**The problem**:
Your task is to restate word for word the lines in the material below, from the one with "Shake well. Place" up to and including the one with "マツオDXが朝からHIDの取". Do not carry over the pictures.

**Given information**:
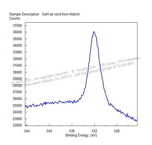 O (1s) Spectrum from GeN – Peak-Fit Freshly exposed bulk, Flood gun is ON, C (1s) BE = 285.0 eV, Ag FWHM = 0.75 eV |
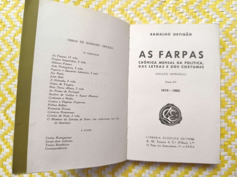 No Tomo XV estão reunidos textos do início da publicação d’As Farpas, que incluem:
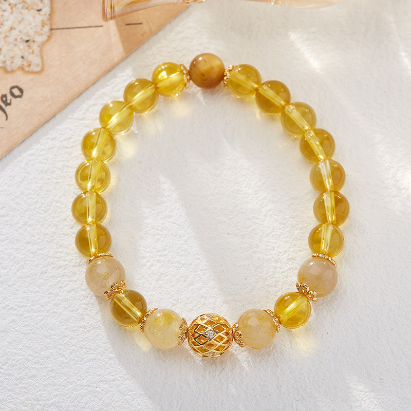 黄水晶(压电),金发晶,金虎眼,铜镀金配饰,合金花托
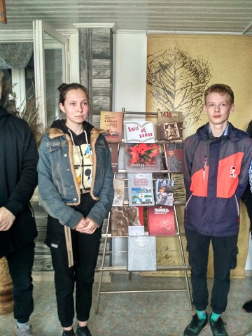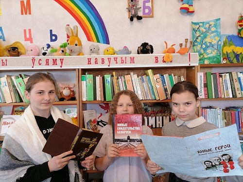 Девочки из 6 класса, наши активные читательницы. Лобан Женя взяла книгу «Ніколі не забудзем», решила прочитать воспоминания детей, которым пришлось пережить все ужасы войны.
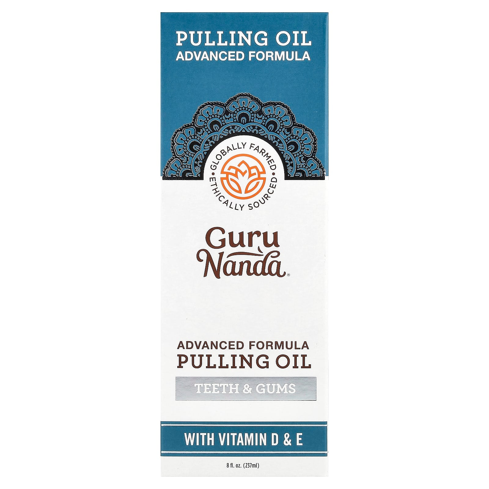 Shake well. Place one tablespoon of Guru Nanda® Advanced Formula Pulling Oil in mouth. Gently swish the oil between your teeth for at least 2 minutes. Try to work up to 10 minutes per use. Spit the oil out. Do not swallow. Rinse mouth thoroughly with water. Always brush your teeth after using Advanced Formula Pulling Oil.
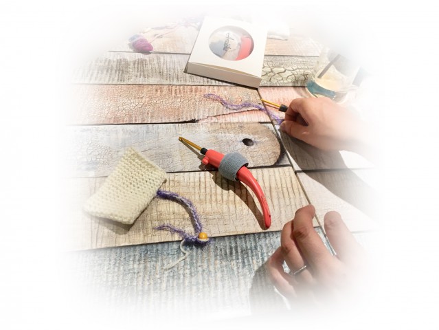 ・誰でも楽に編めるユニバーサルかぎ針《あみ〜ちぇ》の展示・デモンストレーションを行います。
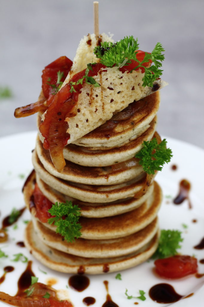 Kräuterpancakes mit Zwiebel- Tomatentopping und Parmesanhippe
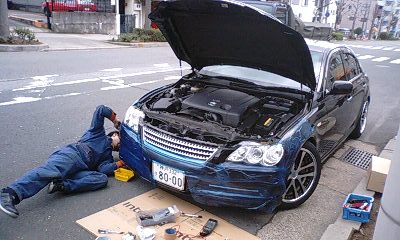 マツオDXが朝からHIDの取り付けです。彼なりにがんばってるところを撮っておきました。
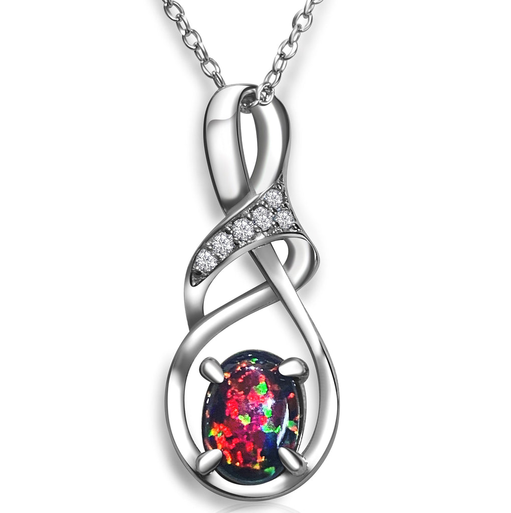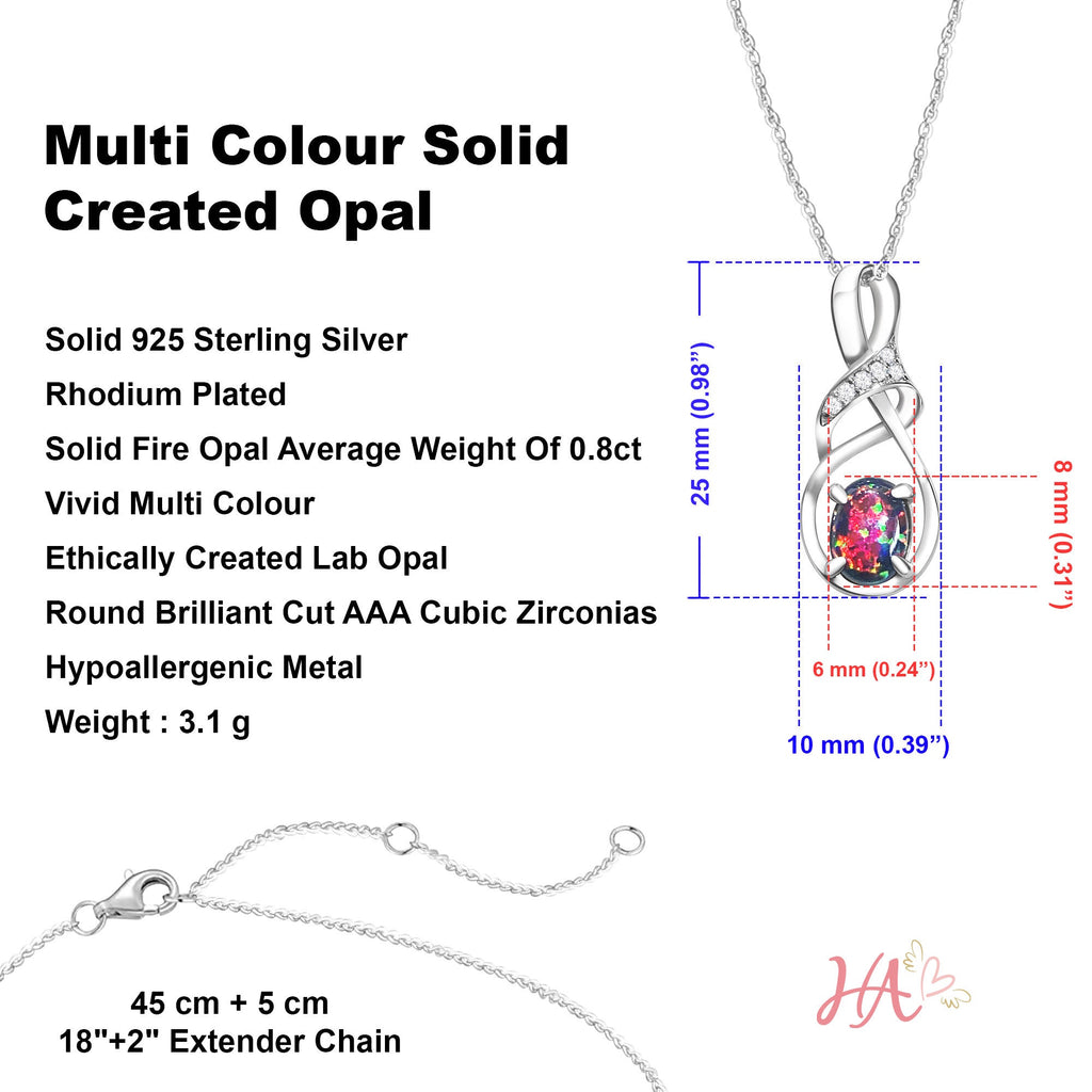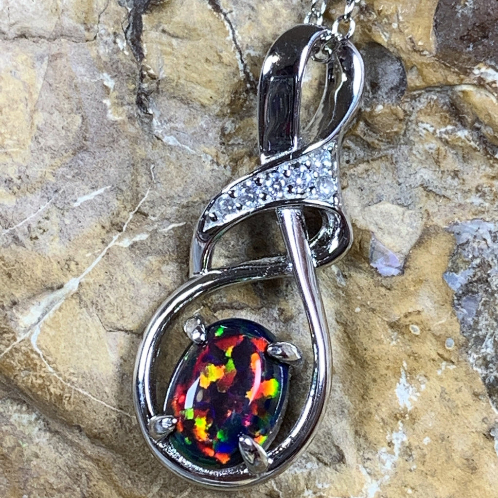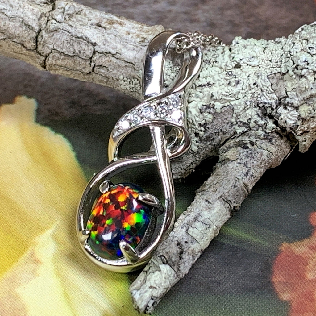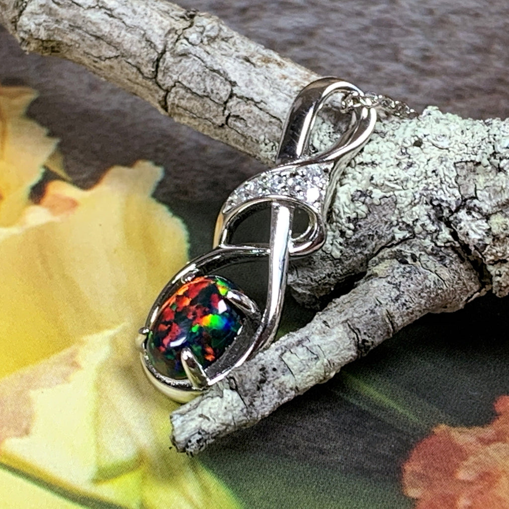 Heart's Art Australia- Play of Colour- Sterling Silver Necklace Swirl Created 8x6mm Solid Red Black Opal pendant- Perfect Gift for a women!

**Written answer**:
 Shake well. Place one tablespoon of Guru Nanda® Advanced Formula Pulling Oil in mouth. Gently swish the oil between your teeth for at least 2 minutes. Try to work up to 10 minutes per use. Spit the oil out. Do not swallow. Rinse mouth thoroughly with water. Always brush your teeth after using Advanced Formula Pulling Oil.
 ・誰でも楽に編めるユニバーサルかぎ針《あみ〜ちぇ》の展示・デモンストレーションを行います。
 Kräuterpancakes mit Zwiebel- Tomatentopping und Parmesanhippe
 マツオDXが朝からHIDの取り付けです。彼なりにがんばってるところを撮っておきました。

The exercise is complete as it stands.